In other configurations, a turboexpander is used to provide cooling of the feed gas for high recovery of propane or ethane. Possible configurations are described, for example, in US Pat. No. 4,278,457 and US Pat. No. 4,854,955, Cat 11 e! A1., in US patent No. 5953935, McEegsoy e! A1., in US patent No. 6244070, ESH! A1., or in US patent No. 5890377, Eodya. Although such configurations can provide at least several advantages over other processes, they typically require modifications to the turbo-expanders and changes in operating conditions when the units are switched from propane recovery to ethane recovery or vice versa, or when the composition of the feed gas changes from time. These known configurations are typically designed to operate within a narrow range of feed gas compositions and inlet pressures using propane cooling. In most cases, high recovery levels are also limited by CO2 freezing in the methane stripping column, and propane recovery will drop in most cases when operating in ethane recovery mode.

Various configurations are known to reduce cooling requirements in which an additional depleted reflux stream is sent to a methane stripping column as described in AO04065868L2 and AO04080936L1. Ra! E1. Similarly, in document AO2007 / 001669L2. Rishap e! A1., an apparatus is described in which a recirculated residual gas stream is used to control the temperature of an ethanoic distillation column to increase ethane recovery. Similarly, Mac e! a1. (AO2007 / 014069L2) are talking about using a stream of recirculated residual gas and depleted cold feed gas to provide increased extraction of ethane. Alternatively, as described in U.S. Pat. No. 6,116,050 to Wao, a combined reflux with a residual gas and a head product of an ethanol distillation column is used in the head product of a methanol distillation column, and a double irrigation scheme using residual gas and head product of an ethanol distillation column is presented in AO2007 / 014209L2, Bsgoyeyeg e! a1. Although such plants advantageously reduce energy consumption and increase the recovery of C ₂ components, at least to some extent, they still have serious disadvantages. The most significant is that all or almost all of these configurations require relatively

- 1 017240 fixed composition of the feed gas and, as a rule, suffer from a lack of flexibility when a change in ethane recovery is required.

In order to cope with at least some of the problems associated with a lack of flexibility in relation to ethane recovery levels while maintaining a high level of propane recovery, a configuration is proposed for the double irrigation process described in US Pat. No. 7,051,553, Mac s1 a1. of which the first column receives two reflux streams: one reflux stream contains the steam portion of the HCL, and the other reflux stream contains depleted reflux provided by the head product of the second distillation column. Although such a process is beneficial for varying ethane extraction levels to meet ethane market demand, it still requires external cooling and turbo expansion to cool the feed gas in order to maintain a high extraction level.

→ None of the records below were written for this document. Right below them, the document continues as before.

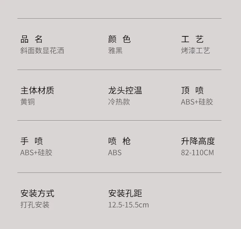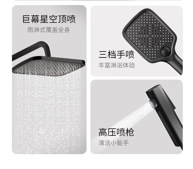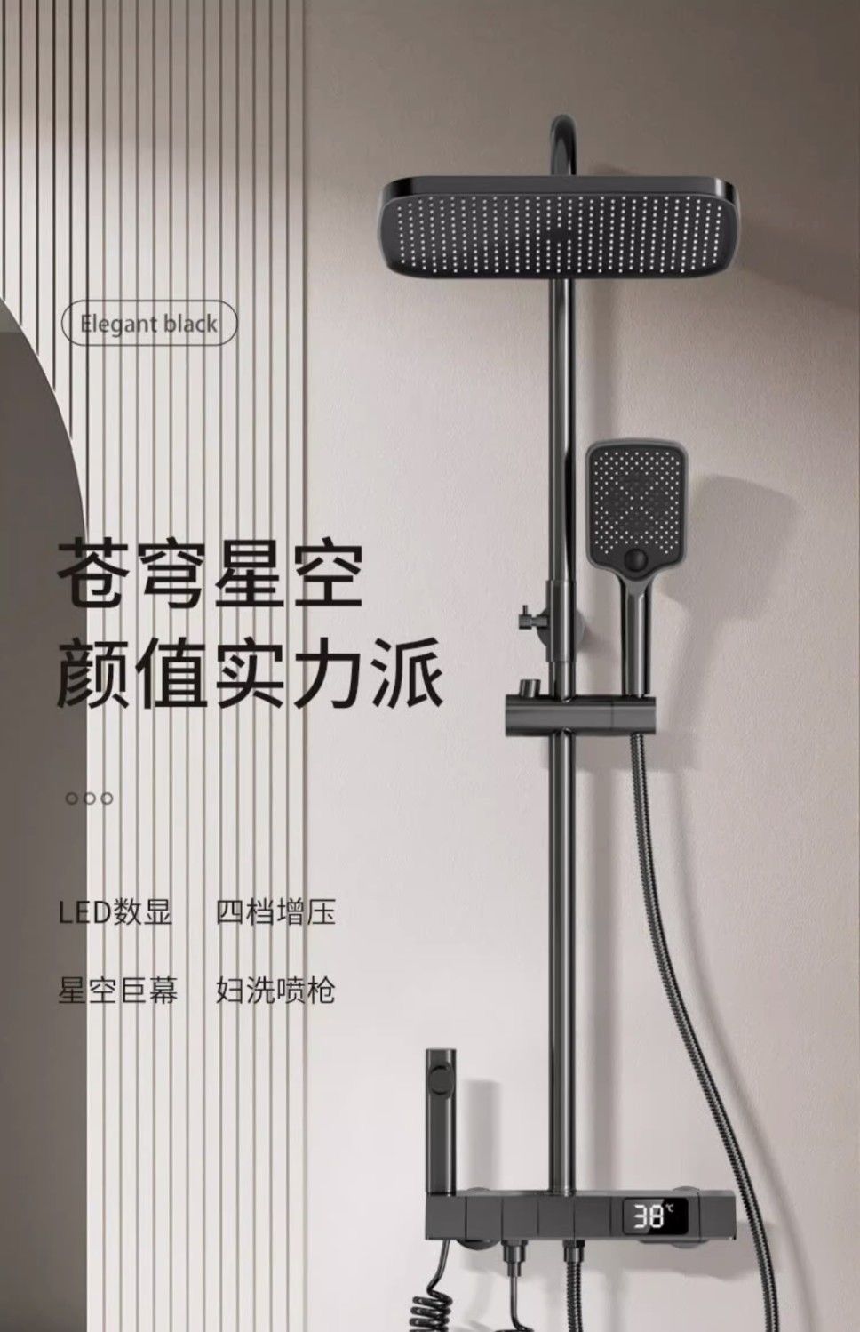 모든 구리 가정용 디지털 디스플레이 욕실 샤워 헤드 일정한 온도 샤워 세트 Rorty Square 가압 샤워
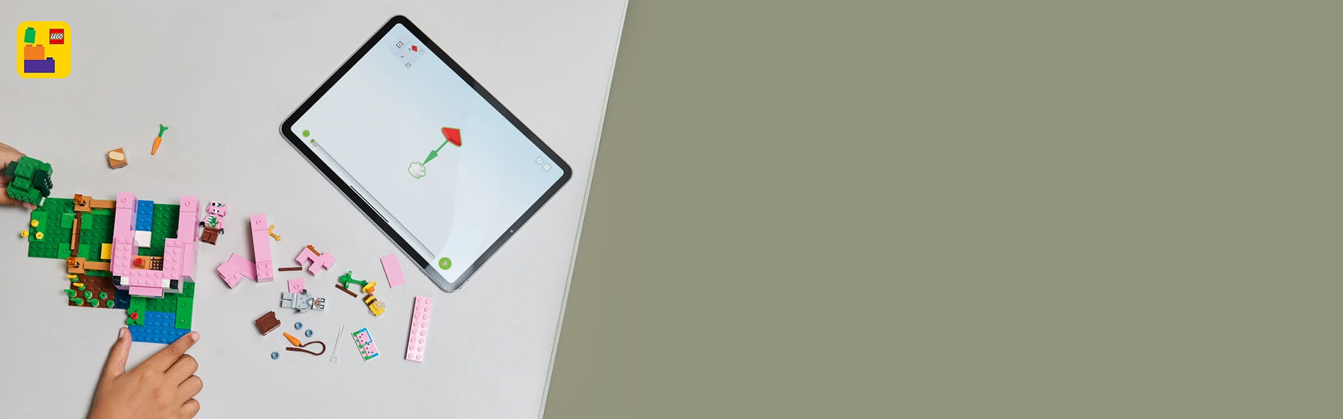 Dieses kreative Hausbauset im Minecraft-Waldbiom enthält viele Figuren aus dem beliebten Videospiel: einen Helden im Wolfsfell, ein Ferkel, eine Biene, ein ausgewachsenes Schwein und ein zombifiziertes Piglin. Kinder können Aktionen aus dem Spiel nachspielen, zum Beispiel das ausgewachsene Schwein satteln und ihm eine Karotte vor die Nase halten, um es durch das schweineförmige Haus und den Garten zu reiten. Es gibt ein Ackerfeld mit Kartoffeln und Rüben zum Anpflanzen und ein Feld mit einem Tor, durch das das Ferkel geleitet werden kann. Dem zombifizierten Piglin, der den Spaß verderben will, können Kinder ausweichen, indem sie ins Haus gehen. Dort gibt es ein Bett, ein Bücherregal und eine Werkbank, die die Fantasie anregen. Mit der LEGO® Builder App können Kinder die Modelle in 3D vergrößern und drehen.
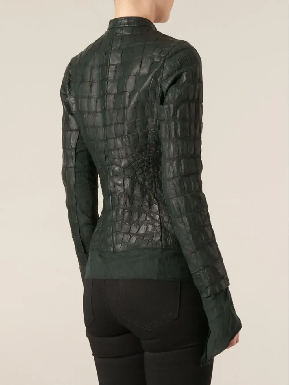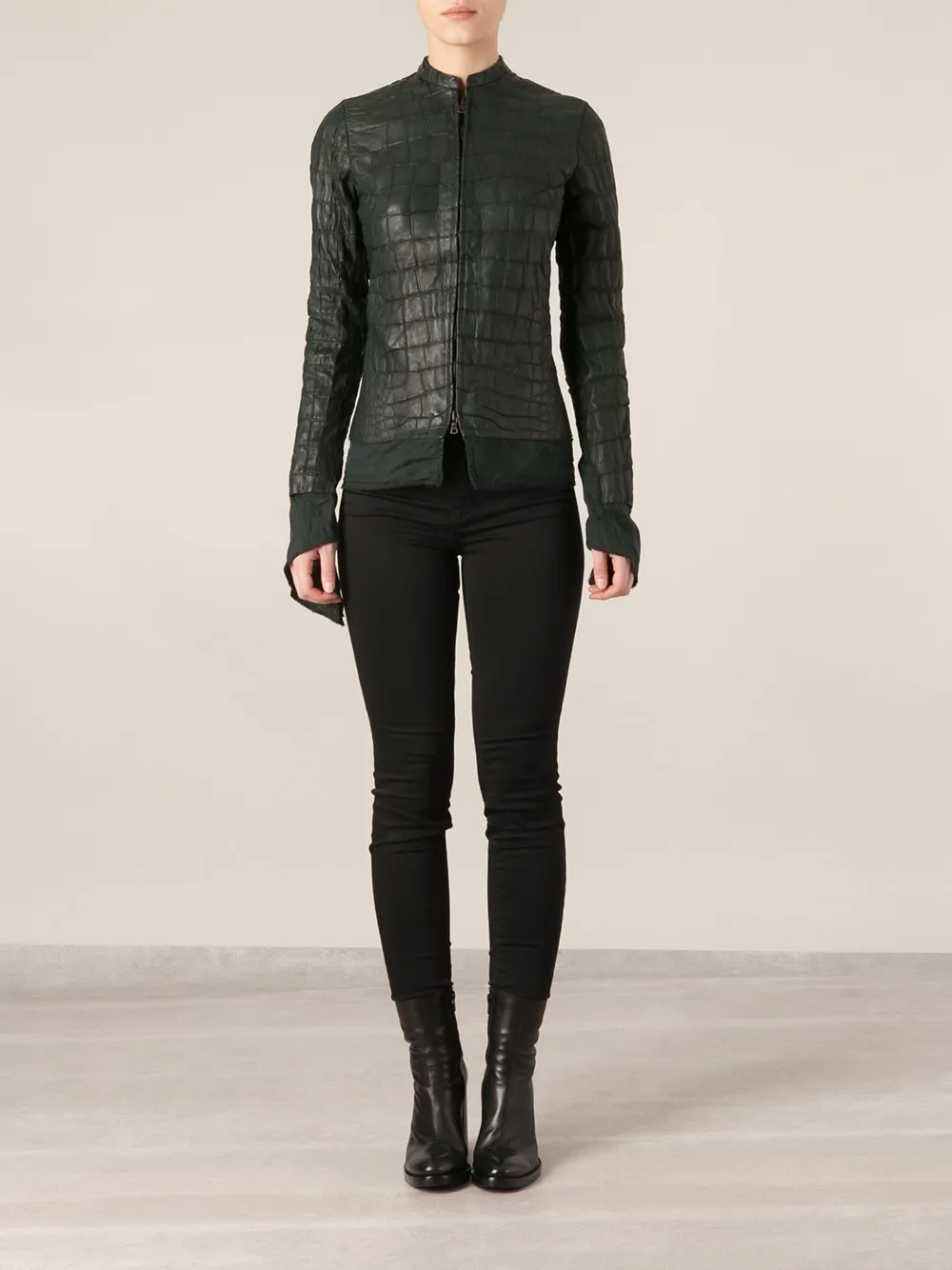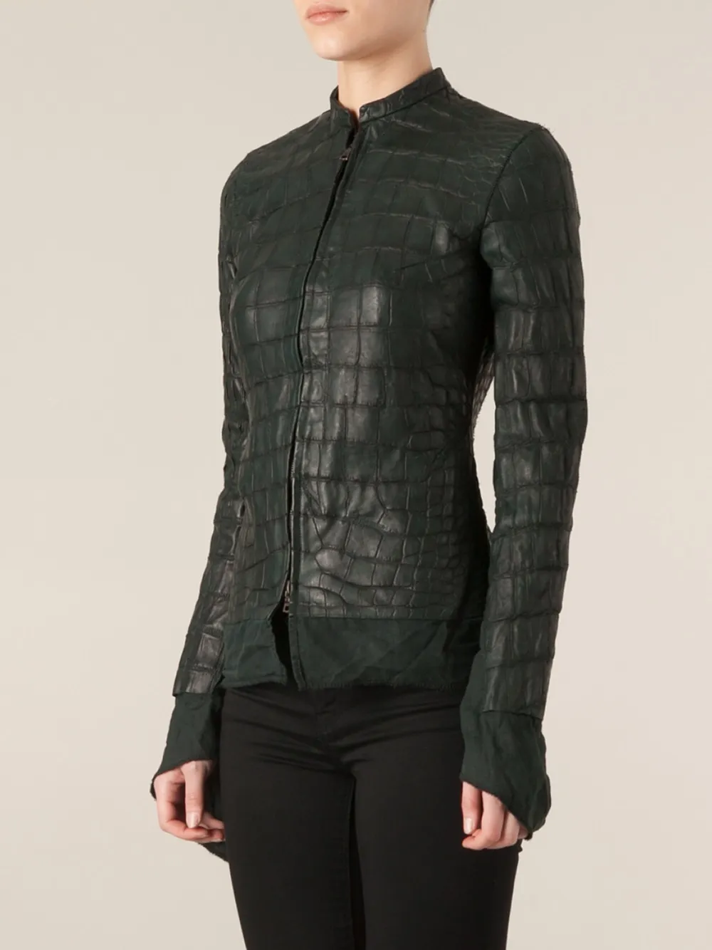 Темно-зеленый пиджак 'Affamee' из кожи аллигатора от Isaac Sellam Experience. Пожалуйста, обратите внимание, что эта вещь не может быть отправлена за пределы ЕС.

Thus, various configurations and methods for recovering gas condensate liquids are known, and all or almost all of them suffer from one or more disadvantages. Therefore, there remains a need to develop methods and configurations for enhanced recovery of gas condensate liquids.

Summary of the invention

The present invention is devoted to configurations and methods for recovering HCG from natural gas using a first column that can receive alternating reflux streams and using a recycle residual gas stream either to form a depleted cold reflux stream or to provide cooling for the feed gas cooler. The head product of the second column is then used as a feed gas stream or a reflux stream of the first column. It should be noted that in such configurations and methods, the reflux stream is selected depending on the desired recovery of GC.

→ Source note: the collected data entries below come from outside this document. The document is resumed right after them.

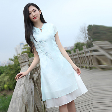 現貨】瓔珞2016春季新款 女裝復古旗袍式中裙 繡花修身顯瘦連衣裙 /
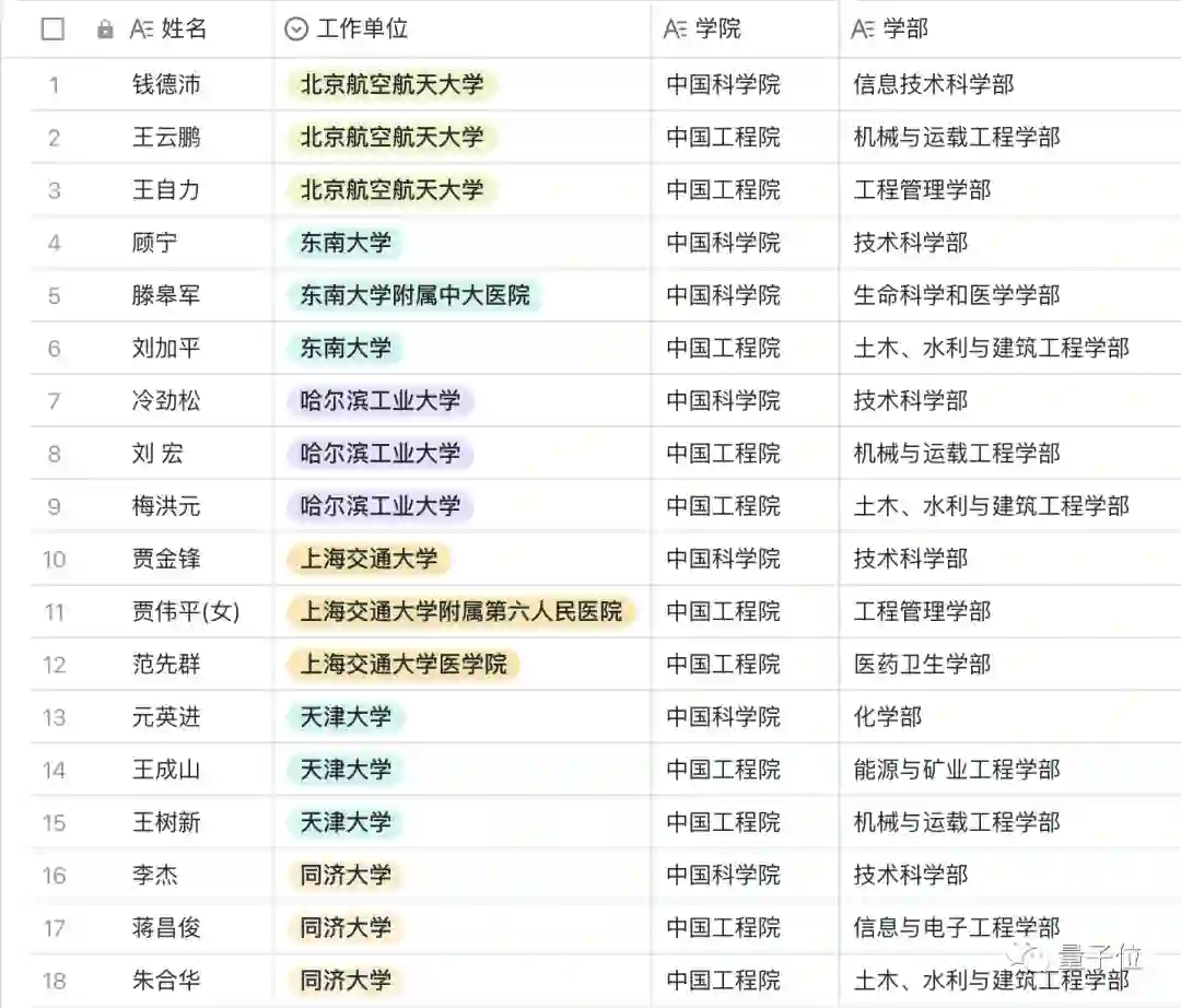北京航空航天大学、东南大学、哈尔滨工业大学、上海交通大学、天津大学、同济大学这6所高校各有3人当选:
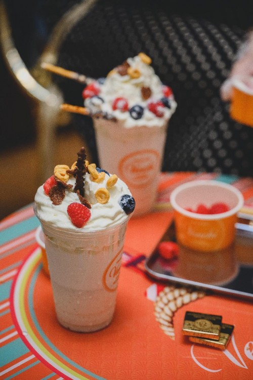 混合莓果奶酪蛋糕风味Gelato,作为Venchi在4月特别推出的限量口味,重新演绎了这款在世界范围内广受欢迎的甜点。以奶油马斯卡彭奶酪冰淇淋为基础,点缀混合莓果浆和柠檬饼干,呈现出口感与视觉的双重盛宴。而草莓奶油可可碎冰淇淋奶昔也不容错过,美味的榛子巧克力酱与奶昔的精妙融合,再搭配松脆鱼子酱状75%黑巧克力碎和品牌标志金币型巧克力!

In one preferred aspect of the subject invention, a method for recovering HCL from natural gas includes the step of supplying a vapor portion of the cooled feed gas to the first column, thereby forming a bottoms product of the first column and a head product of the first column, and alternating first and second streams are produced phlegm in the first column. At another stage, the bottom product of the first column is fed into the second column, thereby obtaining the overhead product of the second column and the bottoms product of the second column, and at another stage, the overhead product of the first column is compressed and then this portion of the compressed head product of the first column is expanded. In another step, expansion of the compressed head product of the first column is used to provide cooling of the feed gas when the head product of the second column is used as the second reflux stream, and expansion of the compressed head product of the first column is used to provide cooling of the first column when a portion of the head product of the first column is used as the first phlegm. In carrying out such methods, it is usually preferred that the expansion of the overhead product of the second column is used to provide cooling of the first column.

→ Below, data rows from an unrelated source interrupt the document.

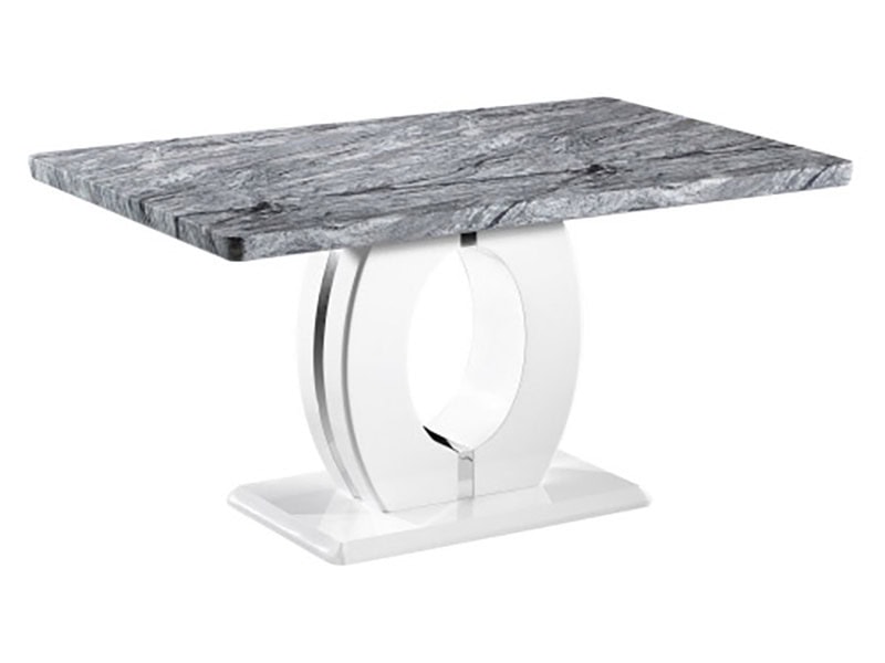 This stunning 1.5m marble top effect table is a perfect blend of classical and contemporary design. Features a unique white high gloss circular base with chrome trim detailing. Large 1.8m table also available. Assembly required. Sold individually.
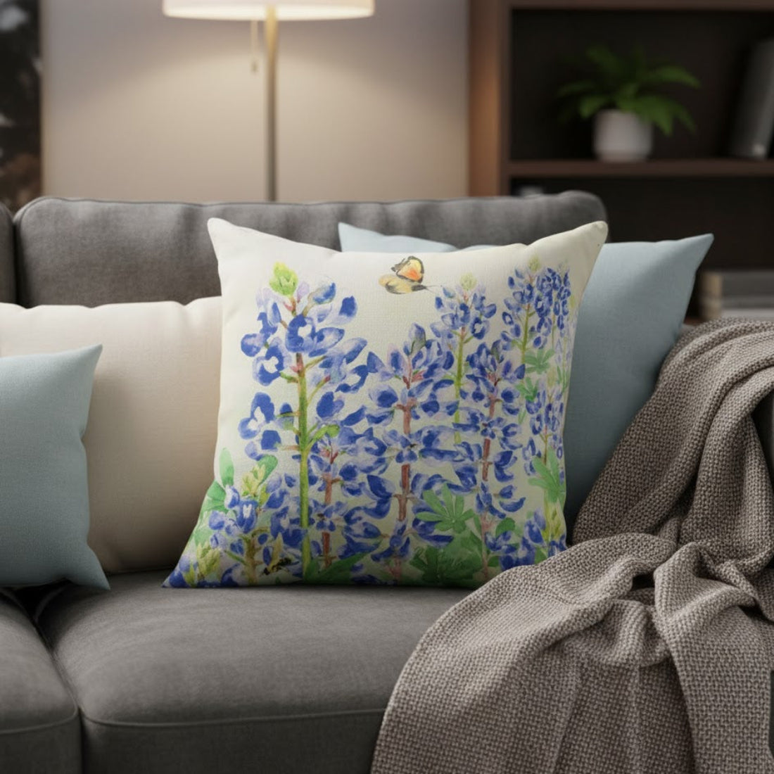 18x18 Inch Bluebonnets in Bloom Polyester Decorative Pillow by Manual Woodworkers
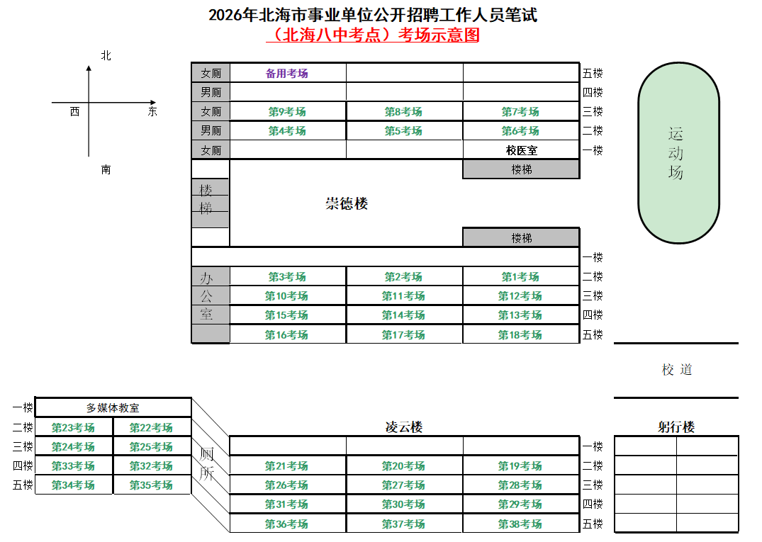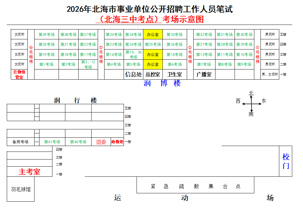 (一)3月28日進(jìn)行綜合管理類(A類)考試,北海市共設(shè)一個(gè)考點(diǎn),考點(diǎn)考場(chǎng)布置為:

When implementing particularly preferred methods, the head product of the first column is compressed until the pipeline pressure is reached, it is also preferable that part of the compressed head product of the first column comprise, as a rule, from 10 to 50% of the compressed head product of the first column. In addition, it is generally preferred that the cooled feed gas is cooled using the cooling contents of the overhead product of the first column and / or the reboiler stream of the second column, and if desired, additional cooling of the first column can be achieved by expanding the vapor portion. In an alternative or additional embodiment, it is also possible to provide additional cooling of the second column by expanding the liquid portion of the cooled feed gas.

In most aspects of the proposed subject invention, the second column is operated at a pressure that is higher than the working pressure of the first column, typically at least 68.95344.74 kPa (10-50 psi), and in a more typical case - higher by 137.90-689.48 kPa (20-100 psi).

As regards recoverable HCL, it is generally believed that the bottoms product of the second column contains at least 99% propane contained in the feed gas and at least 80% ethane contained in the feed gas and / or that ethane recovery in the bottoms is second columns varies between 2 and 90% of ethane contained in the feed gas. Therefore, the bottoms of the second column under consideration will contain at least 99% propane contained in the feed gas, and the ethane recovery in the bottoms of the second column may vary between 2 and 90% of the ethane contained in the feed gas.

In yet another aspect of the subject invention, a gas condensate recovery unit will typically comprise a first column hydraulically coupled to a second column, so that the bottoms product of the first column is fed to the second column, the first column having a configuration allowing irrigation using alternating first and second streams of phlegm. Such installations will further include a compressor that is hydraulically coupled to the first column and configured to compress the head product of the first column, and further include a bypass pipe having

- 2 017240 configuration, providing alternating supply of a portion of the compressed head product of the first column to the heat exchanger for raw materials or to the first column as the first reflux stream. Typically, there is a second pipeline, the configuration of which provides the head product of the second column to the first column as (a) the raw material of the column, when part of the compressed head product of the first column is supplied to the first column as the first reflux, or (b) a second reflux stream, when a portion of the compressed head product of the first column is fed to a heat exchanger for raw materials.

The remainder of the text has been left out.